Question on Creativity and Backpacker Post 8: San Francisco, California

  I want to start this post in a somewhat different way to my others due to an interesting encounter. When we first arrived in San Francisco we intended to spend our first night with a guy that was a friend of someone Rob had met in a hostel over on the Appalachian Trail. His name was Rumple Stiltskin. He legally changed his name to this but now really only goes by Rumple. Rumple is a hippie who lives on a boat. Even though technically Rumple lives in Sausalito and not San Francisco he is a part of a large generation of followers of the rich hippie culture that San Francisco is well known for.
  Rumple liked to "jam". This is not a new concept to me, I've lived with many musicians and music enthusiasts (and count myself amongst them!) but I'm not the most spontaneous of people so it takes me a while to get into "jams". Rumple played many instruments on his boat and sang in a tribal way and painted in a way that he described as "I just want to be free man." (When asked free from what he couldn't really say...) Rob is a musician and when they jammed Rumple attempted to get me to join in by telling me that the constraints I put on myself were "crippling my creativity", I tried but it just wasn't my thing! I'm simply not the kind of person to come up with a beat and start singing random lyrics in the space of a few seconds. 

Rumple then told me I am "crippled creatively".
Needless to say this rather upset me!  I'm sure there are many creative people that work in a spontaneous way, but to say to an artist that the way they work is creatively flawed I think is a big problem indeed. Incredibly beautiful works of art and design come from structure, planning, working with constraints and roughs as well as from spontaneous putting pen to paper or stone or whatever medium and working in an immediate unstructured way. In my opinion an artist/designer's way of "being creative" is a very personal thing indeed.

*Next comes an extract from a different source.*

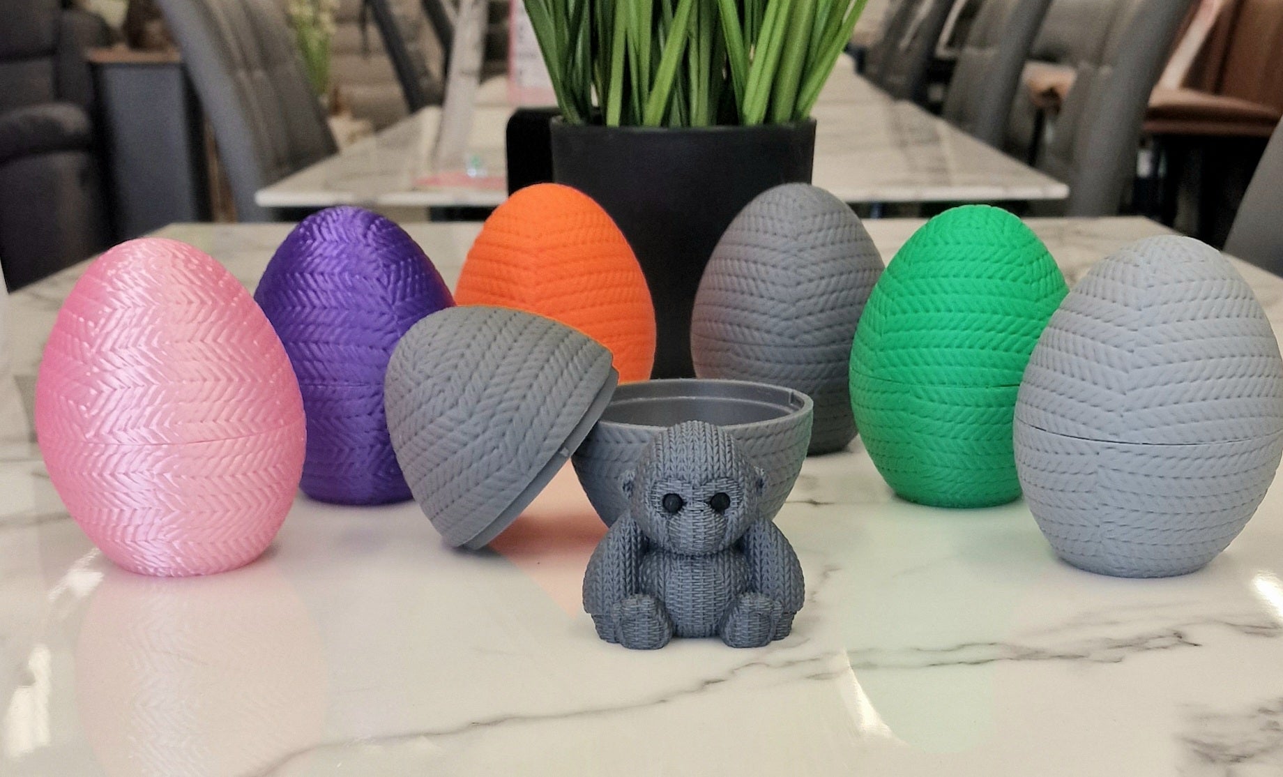 Despite its knitted appearance, there’s no wool involved – just high-quality 3D printing that captures every stitch-like detail.

But am I wrong? do you think that one is indeed better than the other? I'd like to hear what you think and how you work in the comments or if you'd like send me an email (

Anyway, San Francisco. It's a hell of a place and 5 days simply wasn't long enough. We had an incredible host for the rest of our stay. A Grateful Deadhead, ex political science teacher from Berkeley. An incredibly nice interesting guy called Mike. He took us out to Santa Cruz to see the old beach town and little hidden hydrangea covered villages on the way, to Oakland to see an amazing collection of 1960s protest posters and a wonderful couple of exhibitions, one on Dan Clowes and one on a seminal year in the 1960s. He had a real passion for San Francisco and its history, and I totally fell for its beautiful quirky buildings, hidden views of the Golden Gate bridge and the laid back California vibe I'd been waiting to feel!